British Journal for the Philosophy of Science
- Discipline: Philosophy of science
- Language: English
- Edited by: Tim Lewens, Robert Rupert

Publication details
- History: 1950–present
- Publisher: University of Chicago Press
- Frequency: Quarterly
- Impact factor: 3.2 (2023)

Standard abbreviations
- ISO 4: Br. J. Philos. Sci.
- MathSciNet: British J. Philos. Sci.

Indexing
- ISSN: 0007-0882 (print) 1464-3537 (web)
- LCCN: 53020562
- OCLC no.: 01537267

Links
- Journal homepage; Online access; Online archive;

= British Journal for the Philosophy of Science =

British Journal for the Philosophy of Science is a peer-reviewed, academic journal of philosophy, owned by the British Society for the Philosophy of Science and published by University of Chicago Press. The journal publishes work that uses philosophical methods in addressing issues raised in the natural and human sciences.

==Overview==
The leading international journal in the field, BJPS publishes outstanding new work on a variety of traditional and 'cutting edge' topics, from issues of explanation and realism to the applicability of mathematics, from the metaphysics of science to the nature of models and simulations, as well as foundational issues in the physical, life, and social sciences.
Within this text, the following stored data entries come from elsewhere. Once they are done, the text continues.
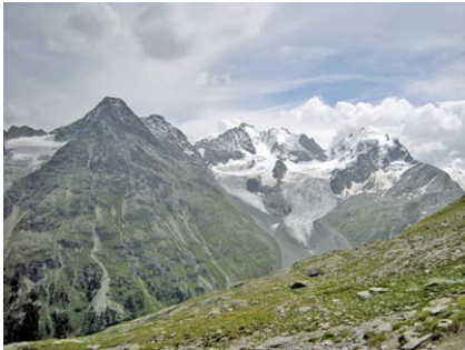
Die Berninakette zeigt sich
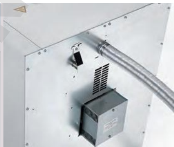
Kit d'installation sous pailasse
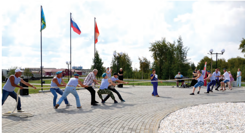
Состязание по перетягиванию каната

стелы «Никто, кроме нас». Это уже второй знак родов войск, который украшает
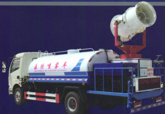
东风多利卡底盘(配套6HW-80C喷雾机组)
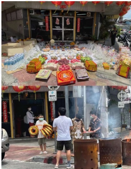
ที่มา: LU XIAOHUI (ดวงกมล) ถ่ายเมื่อวันที่ 22 สิงหาคม 2564 ที่ชุมชนเจริญไชย ย่านเยาวราช

Recent topics covered in the journal include the epistemology of measurement, mathematical non-causal explanations, signalling games, the nature of biochemical kinds, and approaches to human cognitive development, among many others. The journal seeks to advance the field by publishing innovative and thought-provoking papers, discussion notes and book reviews that open up new directions or shed new light on well-known issues.

The British Journal for the Philosophy of Science operates a triple-anonymized peer review process and receives over 600 submissions a year. It is fully compliant with the RCUK open access policy, and is a member of the Committee on Publication Ethics (COPE).
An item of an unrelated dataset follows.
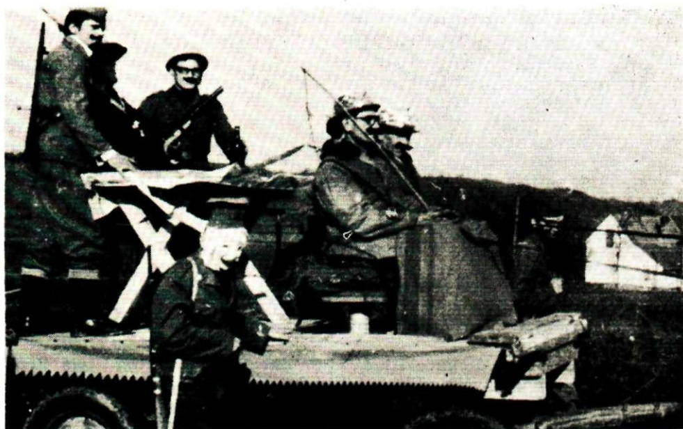
Sl. 3. Pokladna scena: žandari vode fašnika (lutku) na suđenje, Jakovlje. Snimio Z. Galjer, 1968. Fototeka INU, br. 4949.

In 2016, book reviews were moved to online-only publication in the BJPS Review of Books.

In 2021, the journal launched BJPS Short Reads, essays and a podcast featuring introductions to their published articles.

The journal also runs a blog, Auxiliary Hypotheses.

==Editors-in-chief==
The current editors-in-chief are Tim Lewens (University of Cambridge) and Robert D. Rupert (University of Colorado Boulder). The following persons have been editors-in-chief:

- Wendy Parker (2017–2024)
- Steven French (2011–2020)
- Michela Massimi (2011–2017)
- Alexander Bird, James Ladyman (2005–2011)
- Peter Clark (1999–2004)
- David Papineau (1993–1998)
- G M K Hunt (1986–1993)
- Donald A. Gillies (1983–1985)
- John Worrall (1980–1981)
- John W. N. Watkins, John Worrall (1974–1979)
- Imre Lakatos (1971–1973)
- David Hugh Mellor (1969–1971)
- Mary Hesse, David Hugh Mellor (1969)
- Mary Hesse (1965–1969)
- John Oulton Wisdom (1956–1964)
- Alistair Cameron Crombie (1950–1955)

==The BJPS Popper Prize==
The "Sir Karl Popper Essay Prize" was originally established at the wish of the late Laurence B. Briskman (University of Edinburgh), who died on 8 May 2002, having endowed a fund to encourage work in any area falling under the general description of the critical rationalist philosophy of Karl Popper. Briskman was greatly influenced by Popper, who remained the dominant intellectual influence on his philosophical outlook throughout his career. While originally open for submissions, since 2011 the prize is only awarded to papers having appeared in the journal. The endowment ended in 2017, at which point the journal took over funding the prize. The decision was also taken to widen the prize's remit, to include all papers published in the journal and not just those concerned with Popper's work. At the same time, the prize's name was changed to the "BJPS Popper Prize".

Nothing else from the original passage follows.